Learning from Clinicians with Intensive Care Patients

Critically ill patients experiencing a cytokine storm face a frightening and urgent threat. A dysregulated inflammatory response can cause multi-organ damage and in its most severe cases, death. Clinicians have long battled these consequences, but many of today's therapies and treatments have had little consistent effect. SeaStar Medical is changing that by investigating the use of a selective cytopheretic device to reduce the body's inflammatory response and heal.

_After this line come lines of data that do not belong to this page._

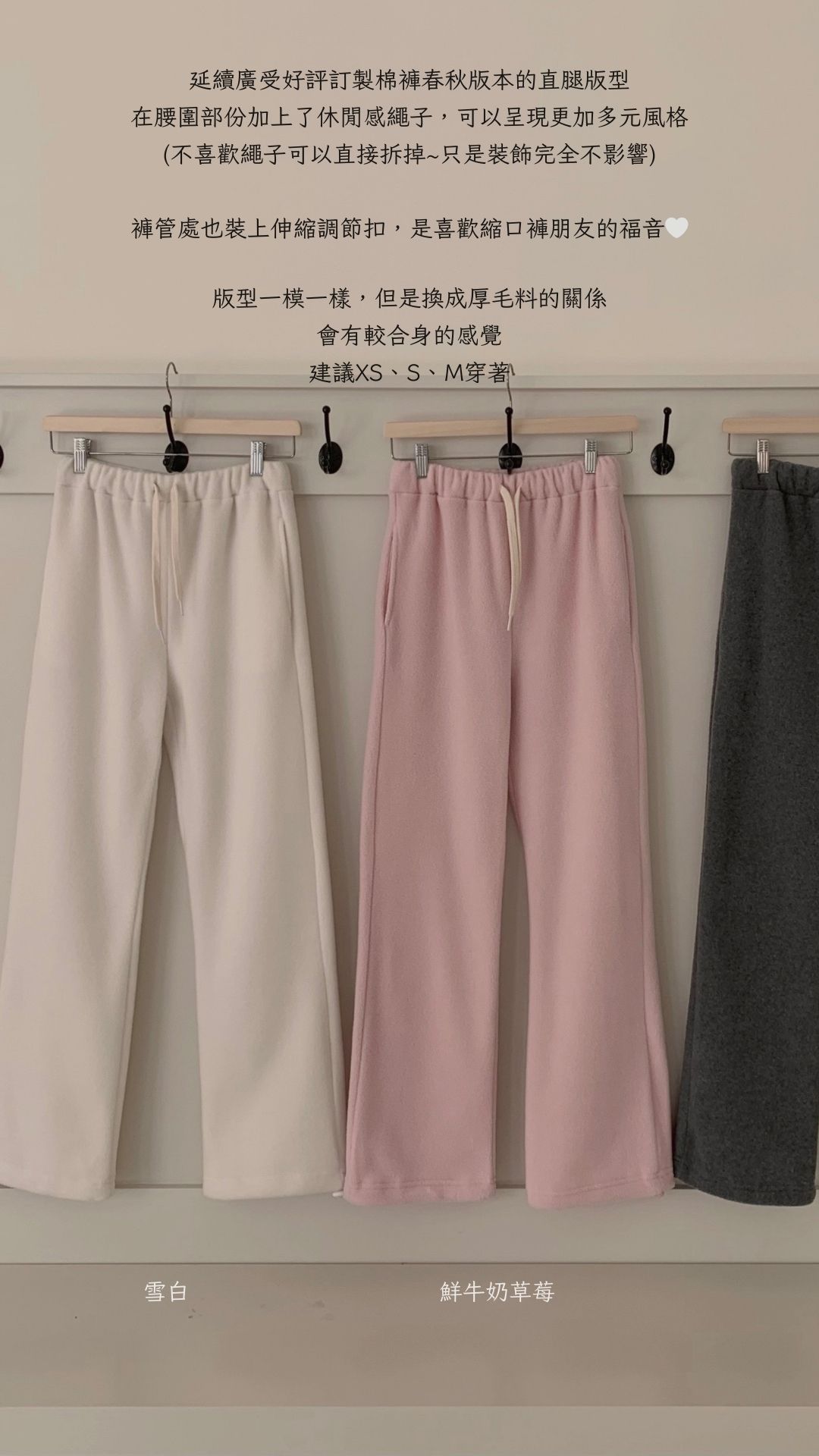 材質親膚舒適又保暖,許願繭型版本的磨毛褲也可以出繽紛的顏色🩵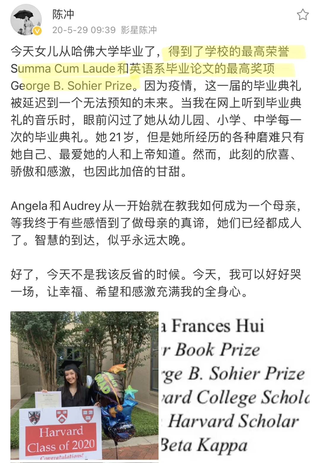 还记得影后陈冲吗?两个女儿都毕业于世界顶级名校? 橘子娱乐 内地女星 2024-03-04 19:05:43 340 创作不易,用心坚持,欢迎请BaGua喝几杯爱心咖啡!打赏并支持本文 打赏并删除本文 编辑:郑关尔聊起娱乐圈出身不凡的女明星大家会想起谁?橘提名陈冲⬇️她出生于医学世家,爷爷是叶挺独立团的军医,参加过南昌起义;大爷爷(爷爷的哥哥)是著名的微生物学家、中科院院士;外公是我国药理学奠基人,曾于哈佛大学进修;外婆是知名的社会学家;父亲是知名医院的终生教授、院长、博导;陈冲选择了演戏,如今看来她在这个领域也算是颇有成就。1980年,她凭借电影《小花》,成了第三届百花奖的视后⬇️当年出演这部电影的除了陈冲,还有唐国强和刘晓庆两位老戏骨,时隔43年后的2023,三位又同台了⬇️这之后陈冲一直在美国发展,1988年,她和尊龙一起主演的电影《末代皇帝》,获得了奥斯卡最佳影片奖⬇️当年的尊龙和陈冲被大家称为「才子佳人」,(分别饰演溥仪和其妻子婉容)二人在奥斯卡现场为其他作品颁奖时,开起玩笑来的陈冲相当俏皮⬇️(现在都是大姐大即视感啦!)几年后,她又凭借《红玫瑰与白玫瑰》获封金马奖最佳女主角,之后,不论执导还是出演,她的电影都获得了不俗的成绩⬇️2014年,她受邀成为金马奖评委会主席,(担任过这个职务的还有巩皇、名导李安、杜琪峰等。)此外,她还是奥斯卡金像奖评委⬇️陈冲在影视界的地位可见一斑,而她的第一任丈夫柳青,也是影视圈中人,1984年二人在美国结婚,但四年后,他们就因为观念不合分开了。聊起这段过往,陈冲将其形容为「不舒服、不相配的婚姻」⬇️和前夫离婚两年后,她和如今的丈夫彼得结婚,彼得是心脏科医生,在旧金山工作。二人相识于好友介绍,算是一见钟情,彼得是陈冲好友的老板,看着家境应该不差。婚后陈冲有过一次流产,因此被医生告知难以再怀孕,于是她决定收养孩子。1998年,夫妻俩在南宁收养了一对双胞胎。一开始,陈冲对她们非常好,把她们接到美国抚养⬇️但到了2002年,她有了两个亲生女儿,大女儿许文婷,小女儿许文珊⬇️(坊间一直有双胞胎冲喜一说…)最后,陈冲决定将双胞胎「转让」,并言明对四个女儿一视同仁,只是自己精力实在有限,才做此决定。这事儿在当年闹得沸沸扬扬,还惊动了有关部门,但陈冲方表示这并非弃养而是转让,且被转让后双胞胎生活得非常好,还言明根本不存在「领养」一说。个中矛盾如今已经难以明了,橘只想说:物质条件的优渥弥补不了孩子们心理上的落差,希望双胞胎真的如她所言,过得不错。如今,陈冲的两个亲生女儿成长得非常好。大女儿许文婷Angela,2020年以最高荣誉从哈佛大学毕业,成绩相当好。日常看着是个爱笑、自信的姑娘⬇️小女儿许文珊Audrey,今年22岁,毕业于纽约大学,姐妹俩关系非常好,Angela经常给妹妹拍照,Audrey作为姐姐的「专属模特」,表现不错。叛逆少女即视感的、女特工feel、古灵精怪的、比较丧的风格…她还在《误杀》里饰演过郝蕾&肖央的女儿,和亲妈同台飙戏。此外,她还和孙阳合作过《游水》,孙阳大家伙儿还有印象不?就是《孤注一掷》里的阿才,二人关系不错,在ins上有过互动⬇️节目上,大张伟、刘宇宁等还为Audrey即兴创作过一首歌⬇️她还和妈妈一起出席过珠宝活动、拍杂志,单人照表现力也不错。如今Audrey在美国致力于参加有关人权的活动,为女性护工争取更高的报酬⬇️还会在国外的剧场演出,看着和同事们相处融洽。(第一排右)(左二)日常会做菜、和妈妈去滑雪,生活非常丰富。祝好。最后一句希望四个姑娘都好好生活。※ 最近公众号又又改版啦,橘子君发布的文章可能会被淹没在推送页面的大海里…※ 麻烦宝子们动动手点一下设为星标,不要错过你的橘呀!!滑动查看点击「橘子娱乐」公众号头像→点击右上角...符号→选择第一个“设为星标”2024年 HAVE A GOOD TIME JUZI ?YULE离爱豆更近��步 扫!部分图片来源于网络,版权归原作者所有。如涉及侵权或对版权有所疑问,请邮件联系[email protected]。我们会尽快处理,感谢。 为你的爱豆,点个好看 创作不易,用心坚持,欢迎请BaGua喝几杯爱心咖啡!打赏并支持本文 打赏并删除本文 感谢您的支持鼓励,我会继续努力的!文章地址:用户邮箱:打赏金额:USDT 请输入数字点击”去打赏“,即可进行打赏支持本文章哦 陈冲 发表评论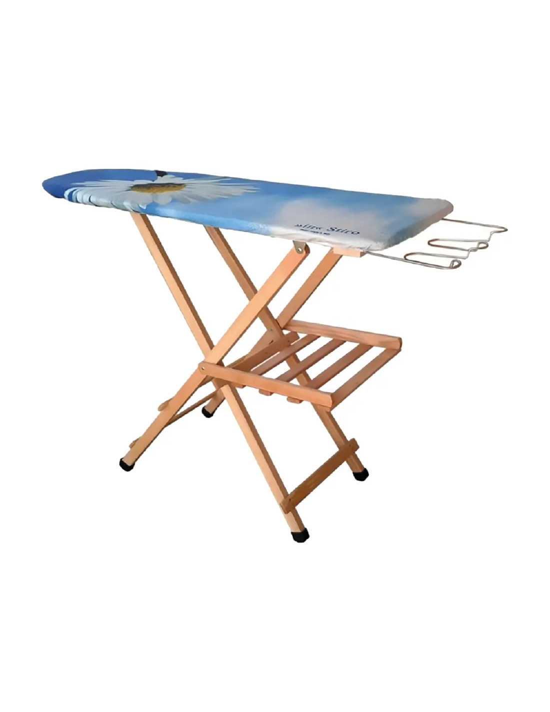 Asse da stiro in legno con telaio in faggio e piano in legno massello. Dotato di poggiaferro in ferro e foderina in cotone con imbottitura. Altezza regolabile a 3 posizioni per massimo comfort durante l'uso.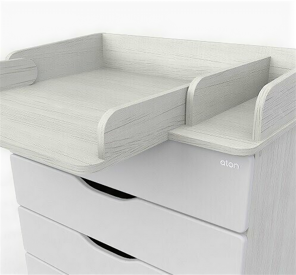 Атон Комод детский с пеленальным столиком Сириус-2 Wood 804 ПВХ, белый премиум, 4 ящика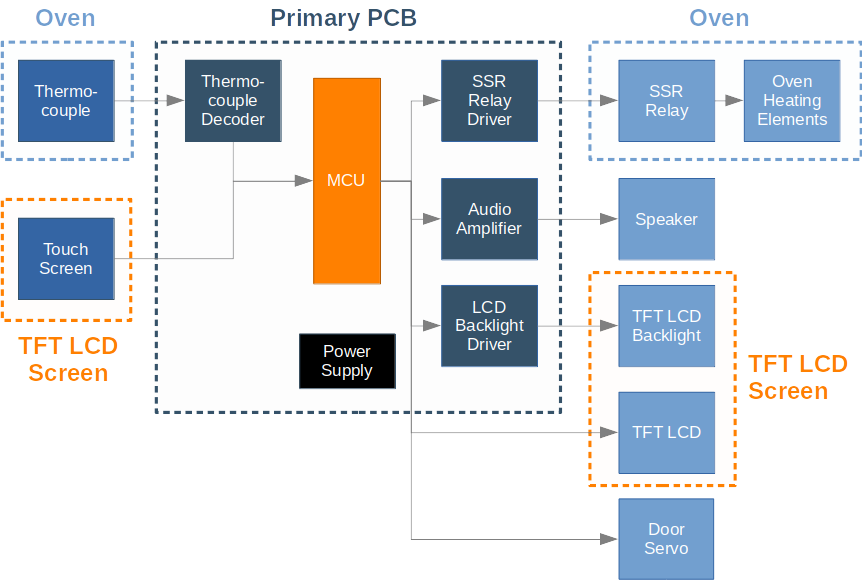 With a regulated 5VDC 600mA supply from the oven, we can setup a 3.3V regulator for the MCU and backlight and use the 5VDC for everything else.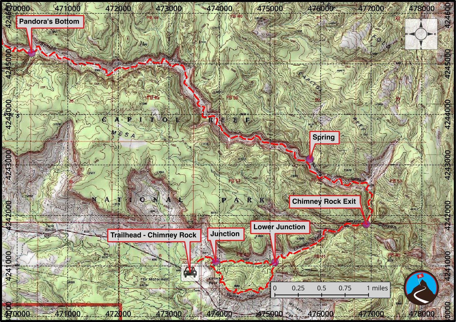 From the spring, it is 1.6 miles (30-45 minutes) down to where Chimney Rock Canyon comes in on the left. This junction seems pretty obvious, but at least one group has walked by it.
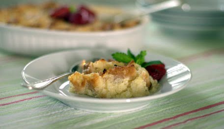 Combine first 6 ingredients; add crumbled biscuits and the raisins, if desired, stirring well. Spoon into a lightly greased 9-inch square pan. Bake for 40 minutes or until a knife inserted in center comes out clean.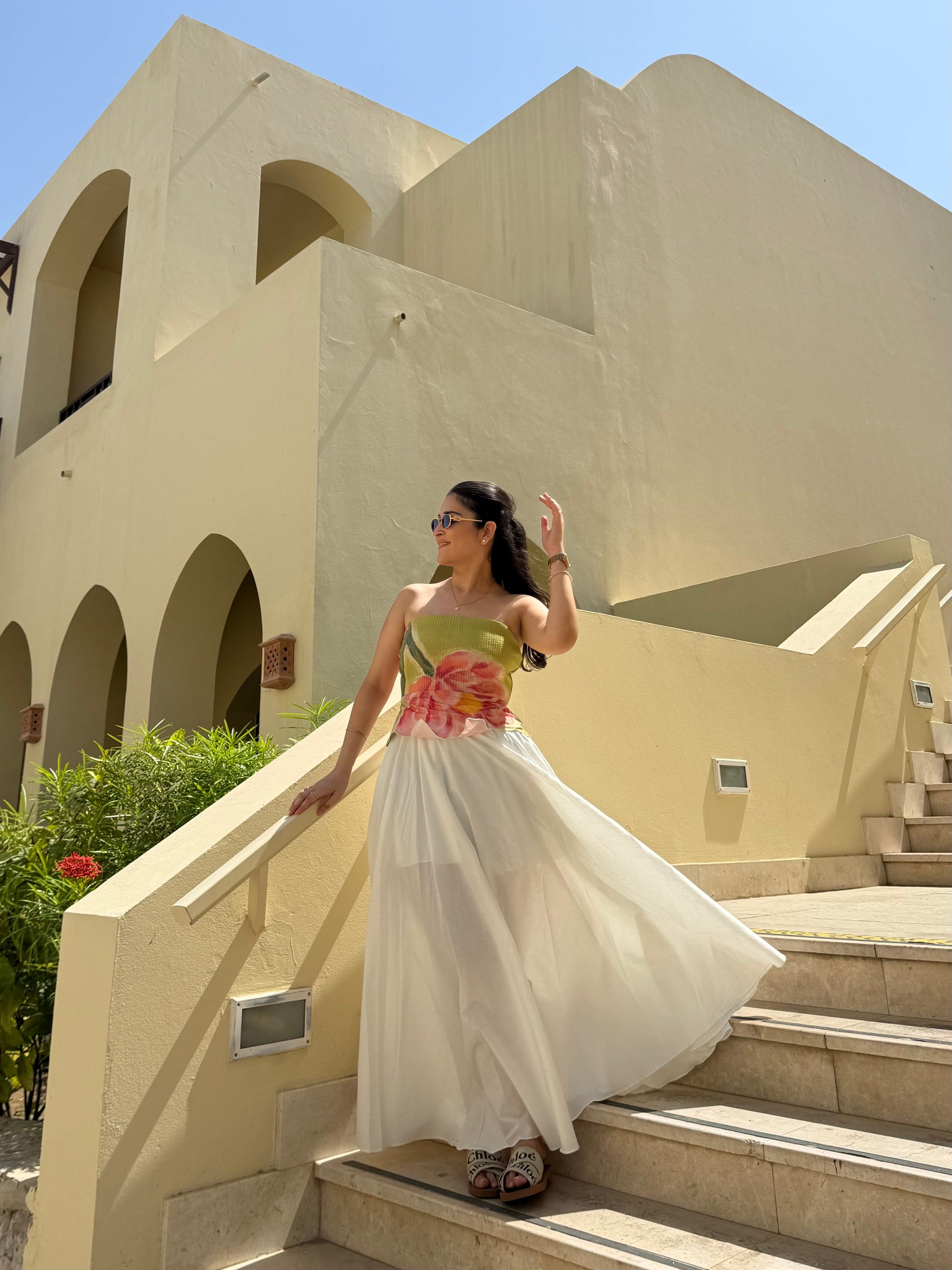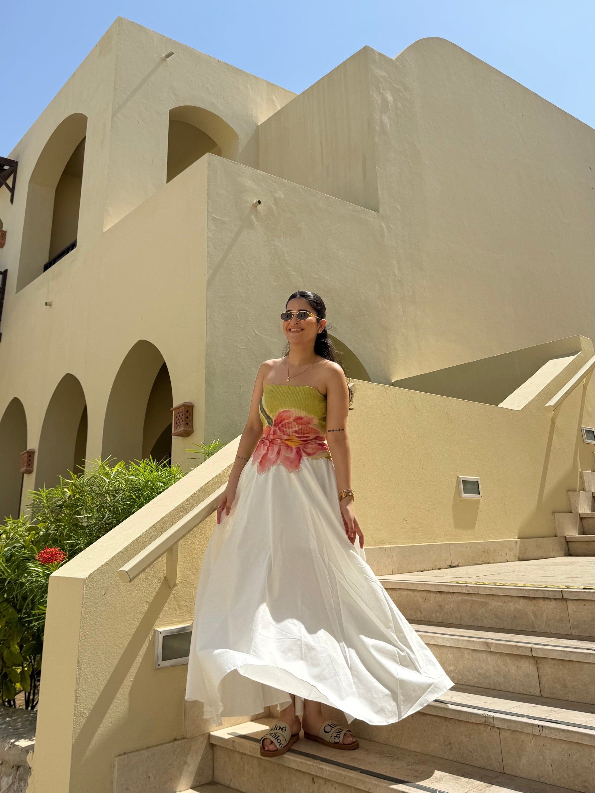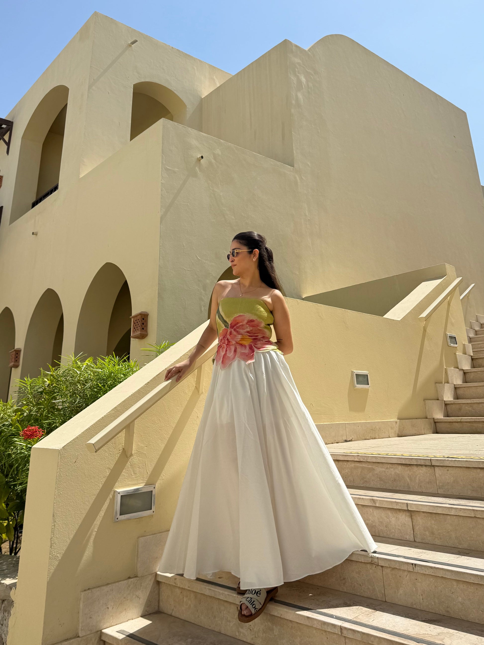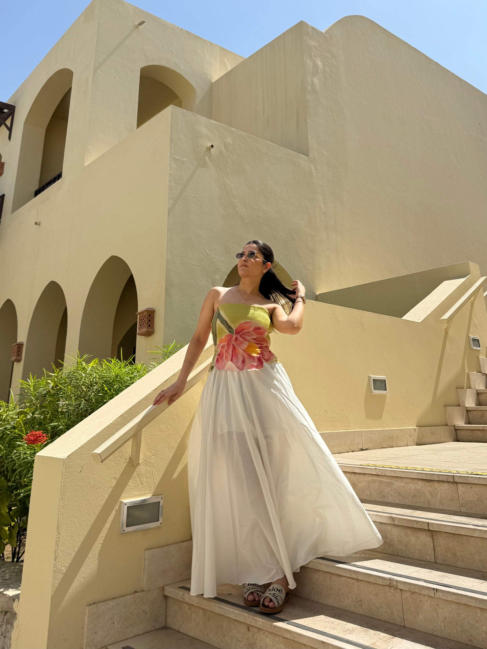 This two-piece set is all about effortless elegance with a modern twist. The corset is crafted from vibrant printed cotton, detailed with delicate cutwork at the hem for a subtle, feminine touch. Its structured shape is enhanced by stylish quilted stitching, giving you a flattering fit that holds its form beautifully. The long skirt flows with a full flare, creating a graceful silhouette that moves with every step. Together, they make a perfect combo for occasions where you want to feel confident, chic, and effortlessly put together.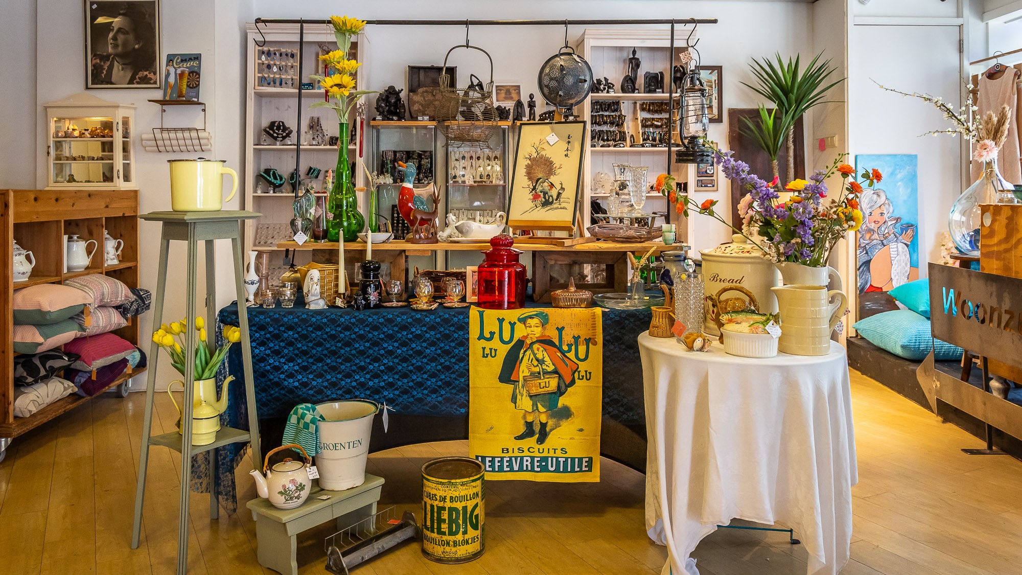Het assortiment van Woonzus & Zo is eclectisch, van vintage tot industrieel. Het grootste deel van de spullen is 40 jaar of ouder. Grote kans dus om een historisch stuk tegen te komen.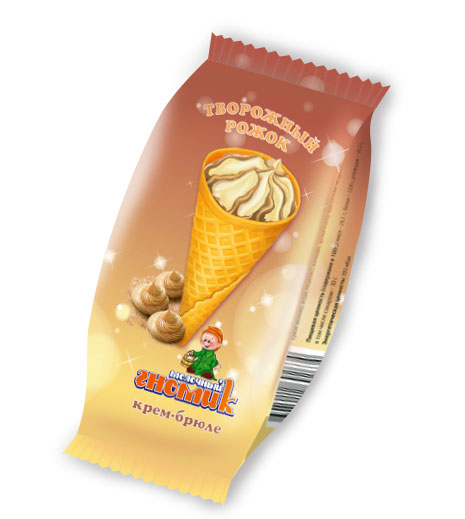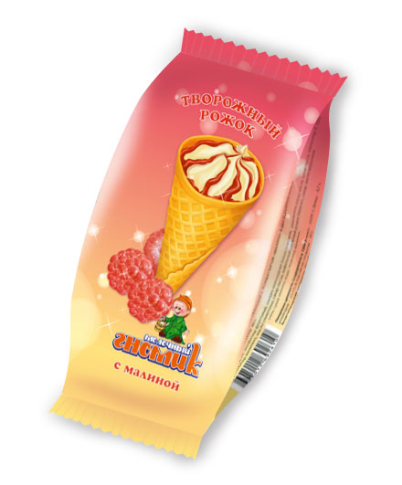 Марка "Молочный гномик" предназначена, в первую очередь, для детей, поэтому перед дизайнерами стояла задача создать яркую, привлекающую детское внимание упаковку. Дизайнерским решением стало изображение рожка, у основания которого расположен продукт-начинка. Также рядом помещен логотип марки "Молочный гномик". Использованные шрифты соответствуют общему стилю продуктов марки.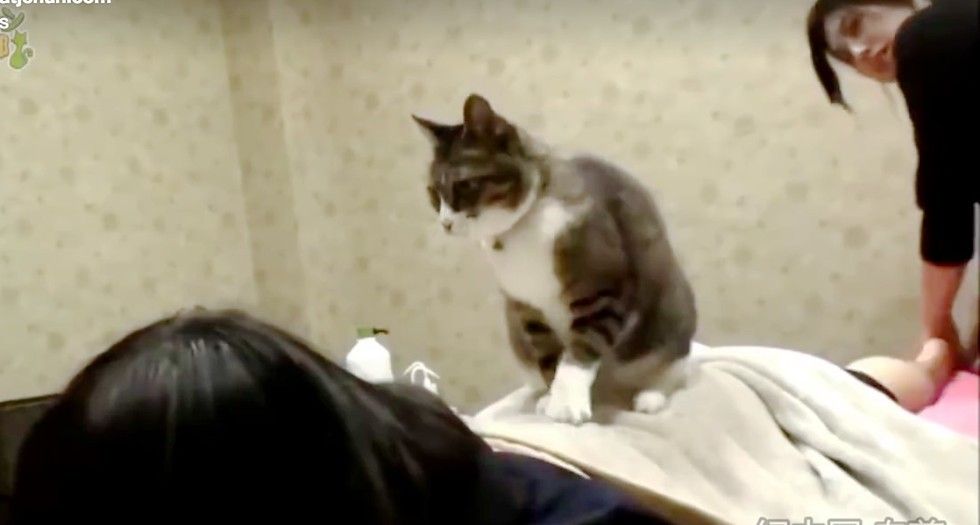 We have heard of office cats, vet cats and therapy cats, but this tabby cat finds her profession at a beauty parlor as their very own esthetician cat. Every time a customer comes for a massage or beauty treatment, she will hop on their back or tummy and start kneading away while her human counterpart works on their calves or gives a facial.

This novel approach is driven by deep insight, science, and a first-hand understanding of how clinicians fight the consequences of inflammation. Matt Jacques, SeaStar Medical’s clinical account nurse manager, is a valued team member. Prior to joining the SeaStar Medical family, he was a critical care nurse in a 365-bed hospital with 30 intensive care unit (ICU) beds that is part of a large national system. Matt recently returned to work in the ICU to help relieve the growing demand for critical care clinicians resulting from the COVID-19 pandemic.

Matt has seen first-hand what critical care doctors, nurses and respiratory therapists face every day treating patients with complex conditions including acute kidney injury (AKI), acute respiratory distress syndrome (ARDS) and other insults. His observations are invaluable insights into helping us understand what may help ICU doctors and nurses save lives. He knows that it is important to be on the front line and be able to understand what nurses are experiencing, what solutions doctors are seeking, and the way the ICU is being run. His experience and the input  from nurses and doctors  have the potential to act as a real time focus group. It allows Matt to share important perspectives and suggestions as we develop our solutions.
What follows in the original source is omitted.